* **EXERCISE PROMPT**: Omit the pictures. Print each entry below exactly.

[ENTRIES SUPPLIED — start]

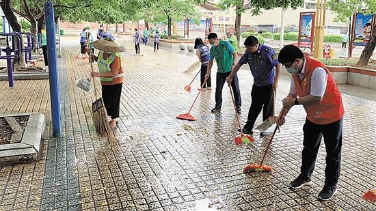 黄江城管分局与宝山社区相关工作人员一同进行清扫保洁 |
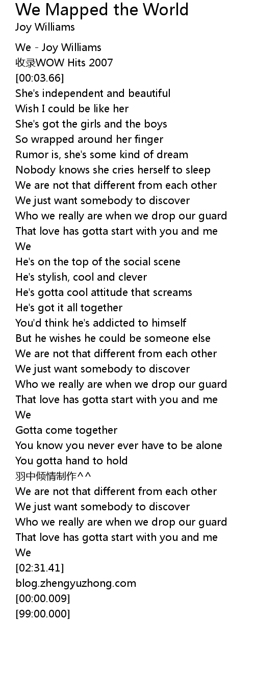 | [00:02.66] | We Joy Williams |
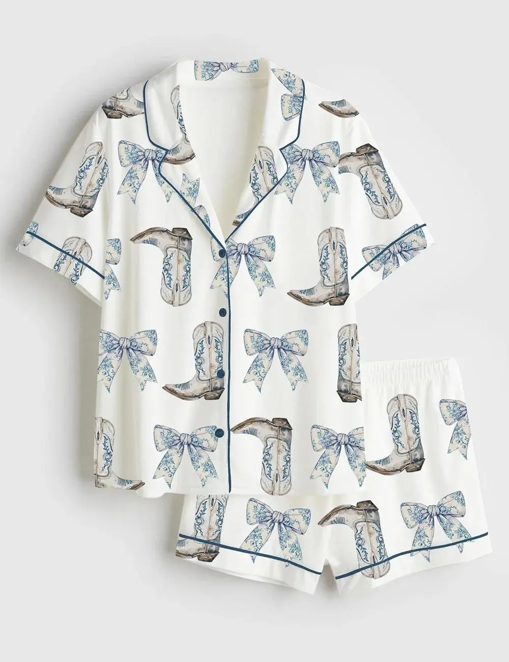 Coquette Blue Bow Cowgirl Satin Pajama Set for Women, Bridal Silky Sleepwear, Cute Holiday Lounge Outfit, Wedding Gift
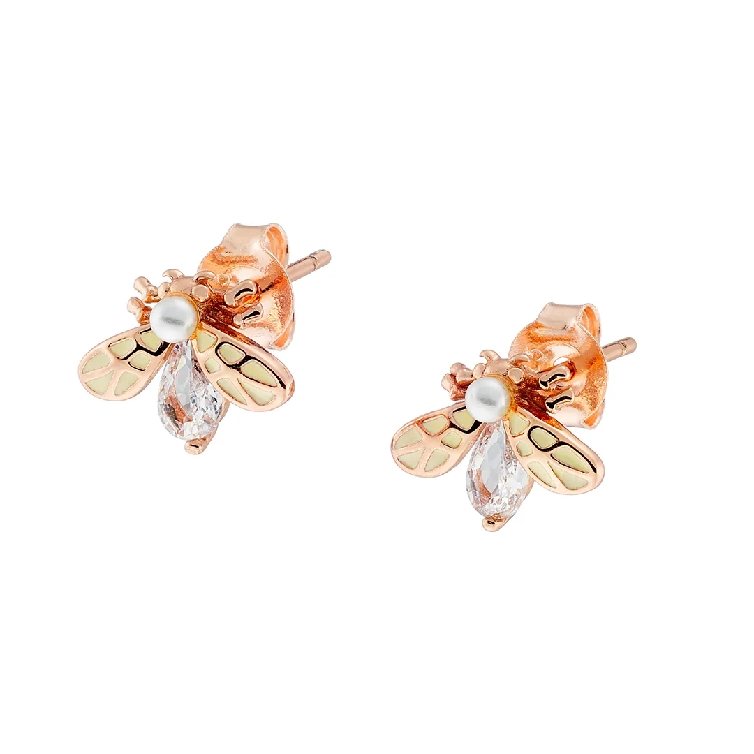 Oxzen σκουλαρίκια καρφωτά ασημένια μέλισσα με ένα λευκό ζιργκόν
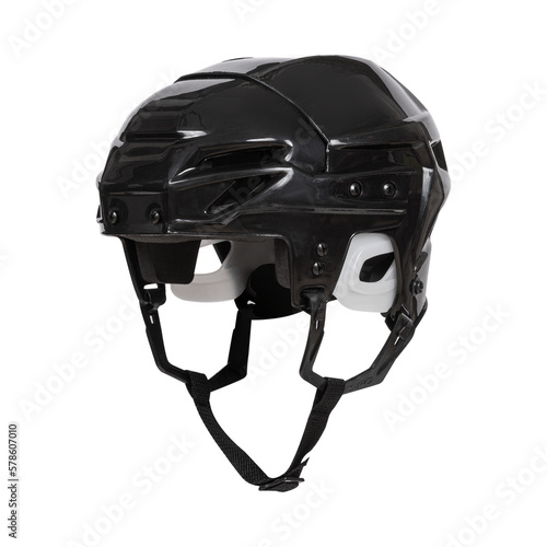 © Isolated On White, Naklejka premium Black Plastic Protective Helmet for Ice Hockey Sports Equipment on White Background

[ENTRIES SUPPLIED — finish]

* **OUTPUT**:
 黄江城管分局与宝山社区相关工作人员一同进行清扫保洁 |
 | [00:02.66] | We Joy Williams |
 Coquette Blue Bow Cowgirl Satin Pajama Set for Women, Bridal Silky Sleepwear, Cute Holiday Lounge Outfit, Wedding Gift
 Oxzen σκουλαρίκια καρφωτά ασημένια μέλισσα με ένα λευκό ζιργκόν
 © Isolated On White, Naklejka premium Black Plastic Protective Helmet for Ice Hockey Sports Equipment on White Background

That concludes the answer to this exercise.